3. The betting industry and its dilemma

Since the beginning of the betting industry, people were never able to put a stop to cheating and fraud. Along with the information asymmetry between the host and the players, the industry is filled with unfairness. So it is important for both players and hosts to trust each other, which can lead to a better game experience more player engagement.

The lack of trust in the betting industry is due to the following reasons:

• Information asymmetry: in traditional betting events, participants often have to share their betting directly with the event organizer or a third party platform in advance. The host knows exactly who have betted on what and by how much. The host thus has the advantage to influence the game result in such a way that leads to most of the participants losing.
• Hosts may find it difficult to prove that they wouldn’t or haven’t influenced the outcome of a game, since they are naturally in a better position with more information.

zCloak proposes a new solution to end this dilemma. Enter Zero-Knowledge Proof (ZKP).

ZKP is a cryptographic technology that allows one party (the prover) to prove to another party (the verifier) that they have a piece of information without revealing what the information is. When ZKP is applied in guessing events, players can prove to the host that they have completed the guessing behavior before the match without disclosing to the host which team they guessed. In the same way, the players can prove to the host whether the team they guessed entered the semifinals, finals, etc., without the host knowing how the bets were placed beforehand.

As such, the host does not know the guessing results of the players, and this information is known only by the players themselves.
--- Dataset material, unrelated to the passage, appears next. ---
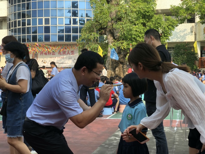 為了弘揚(yáng)中國(guó)傳統(tǒng)文化,給一年級(jí)新同學(xué)一個(gè)有意義的開(kāi)學(xué)典禮,更快的融入小學(xué)的學(xué)習(xí)生活,全體師生召開(kāi)了開(kāi)學(xué)典禮。首先,余壁峰校長(zhǎng)與一年級(jí)班主任老師熱情洋溢地為新生用紅色的朱砂在孩子們的額頭正中點(diǎn)上紅痣。“痣”通“智”,意為開(kāi)啟智慧,以此寄托美好的愿望,從此眼明心亮。啟智引入大門(mén)后,每一個(gè)孩子還獲贈(zèng)了《弟子規(guī)》,并由六年級(jí)的大哥哥大姐姐手拉手踏上紅地毯走進(jìn)會(huì)場(chǎng)。入學(xué)典禮上升國(guó)旗唱國(guó)歌,誦讀《弟子規(guī)》,展現(xiàn)出學(xué)生良好的精神面貌。接著人潮教育羅錦添校長(zhǎng)和孩子們“一撇、一捺、置筆、收墨”在莊重的儀式中寫(xiě)下厚重的“人”字。羅校長(zhǎng)還一邊示范一邊介紹,人字有兩筆構(gòu)成,一撇一捺,我們要團(tuán)結(jié)互助,互相幫助,孝敬長(zhǎng)輩,樂(lè)于學(xué)習(xí),知書(shū)達(dá)理,富有愛(ài)心,知錯(cuò)能改,不斷進(jìn)步,熱愛(ài)祖國(guó),頂天立地,寫(xiě)完要做一個(gè)堂堂正正的人。之后“拜師禮”在大隊(duì)輔導(dǎo)員朱文娟老師對(duì)“恩師”這個(gè)詞語(yǔ)莊重的解讀中,孩子們?nèi)瞎葜x即將陪伴他們的恩師,孩子們?nèi)瞎葜x養(yǎng)育自己的父母。最后,由余校長(zhǎng)代表學(xué)校向全體師生傳達(dá)了新學(xué)期祝福,同時(shí)向同學(xué)們提出新學(xué)期的希望:希望同學(xué)們養(yǎng)成好習(xí)慣,做一個(gè)懂禮貌,講文明,有道德的小學(xué)生。

So there is no problem of information inequality when the centralized organization holds all users’ data. It helps to enhance the trust between the players and host, and to sloves the dilemma in the traditional betting industry.

4. World’s First zk-Guessing for the World Cup Games

zCloak Network held the world’s first zero-knowledge based World Cup Guessing Event with its partners from Nov. 30 to Dec.21 in 2022. In this event, players can prove whether their guesses are correct (e.g. their teams enter semi-finals), without telling anyone what their guesses are. And later they can prove it with ZKP. Now, let’s review the whole process and the technical highlights of the event:

Phase I — Guess and Record

Nov. 30 — Dec. 9

During this phase, players can guess the winner of the World Cup Game, sign it as a verifiable credential (VC), and share some information of the VC with the zCloak verifier to make a self-commitment.

Highlight: Players can selectively disclose the information in the VC—players only share their discord usernames and the verification code with the event host for Discord identity verification. Their guessed team was not revealed. By sharing this commitment data with the zCloak verifier, each player has made a self-commitment of their guess with a time stamp.

Phase II — Zero-Knowledge Proof for Semi-Finals

Dec.12 — Dec.16

At this phase, the four teams entering the semi-finals have been known. Players can prove to the event host whether the team they guessed got in the semi-finals without disclosing their guesses at all.

Highlight: The players generated a ZKP using the zCloak zkID wallet—the first crypto wallet in the world that enables general-purpose ZK-VM based computation in user device. The ZKP is then sent to the zCloak ZKP verifier for verification.

Phase III — Who is the champion?

Dec.18 — Dec. 20

At this phase, players announced their guesses and zCloak verifier verified if their guesses were the champion team (in this case Argentina).

Highlight: By showing the VC (i.e. the VC obtained in Phase I) to the platform, the guessing platform can judge whether the results of the players’ guesses are correct and whether the players have completed the guessing behavior within the specified time range.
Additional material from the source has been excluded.